COLD cash-secured put positions are structurally neutral to slightly bullish; the modeled P&L assumes European-style exercise at expiration and ignores early assignment, transaction costs, dividends paid before expiry on the stock leg (when present), and the bid-ask spread on the listed chain. COLD positions also carry Real Estate sector concentration risk; news flow inside the sector (peer earnings, regulatory shifts, supply-chain headlines) can move COLD alongside the broader basket even when COLD-specific fundamentals are unchanged. Short-premium structures like a cash-secured put on COLD carry tail risk when realized volatility exceeds the implied move; review historical COLD earnings reactions and macro stress periods before sizing. Always rebuild the position from current COLD chain quotes before placing a trade.

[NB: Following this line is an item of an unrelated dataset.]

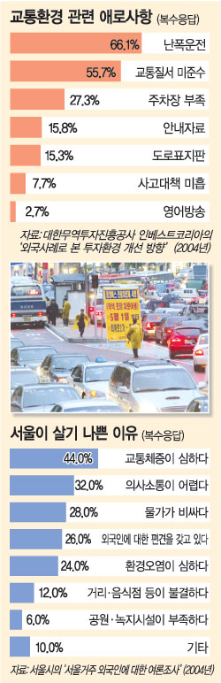 특히 한국의 교통문제는 주한외국인들이 손꼽는 문제점 1위.
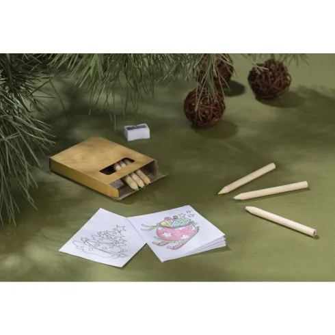 Set se sastoji od 6 bojica, 8 stranica za bojanje s božićnim motivima i šiljila. Sve je zapakirano u malu kartonsku kutiju. Ovaj set zasigurno će djeci učiniti čekanje Božića ugodnijim.

Frequently asked questions

What is a cash-secured put on COLD?
A cash-secured put on COLD is the cash-secured put strategy applied to COLD (stock). The strategy is structurally neutral to slightly bullish: A cash-secured put sells an out-of-the-money put while holding cash equal to the strike-times-100 obligation, keeping the premium when the underlying stays above the strike. With COLD stock trading near $14.30, the strikes shown on this page are snapped to the nearest listed COLD chain strike and the premiums come straight from the end-of-day bid/ask midpoint.
How are COLD cash-secured put max profit and max loss calculated?
Max profit equals premium times 100; max loss equals strike minus premium times 100 (at zero, assuming assignment). Breakeven is strike minus premium. For the COLD cash-secured put priced from the end-of-day chain at a 30-day expiry (ATM IV 43.30%), the computed maximum profit is unbounded per contract and the computed maximum loss is unbounded per contract. Live intraday quotes will differ as the chain moves through the trading session.
What is the breakeven for a COLD cash-secured put?
The breakeven for the COLD cash-secured put priced on this page is no defined breakeven on the modeled curve at expiration, derived from end-of-day chain premiums. Breakeven is the underlying price at which the strategy's P&L crosses zero ignoring transaction costs and assignment risk. The current COLD market-implied 1-standard-deviation expected move is approximately 12.41%; if the move sits well outside the breakeven distance, the structure's risk-reward becomes correspondingly tighter.
When should you consider a cash-secured put on COLD?
Cash-secured puts on COLD earn premium while a trader waits to acquire COLD stock at a target strike below the current quote; most attractive when IV is rich and the trader is comfortable owning COLD.
How does current COLD implied volatility affect this cash-secured put?
COLD ATM IV is at 43.30% with IV rank near 15.14%, which is on the low end of its 1-year range. Premium-buying structures (long call, long put, debit spreads) are relatively cheap in this regime; premium-selling structures collect less credit per unit risk.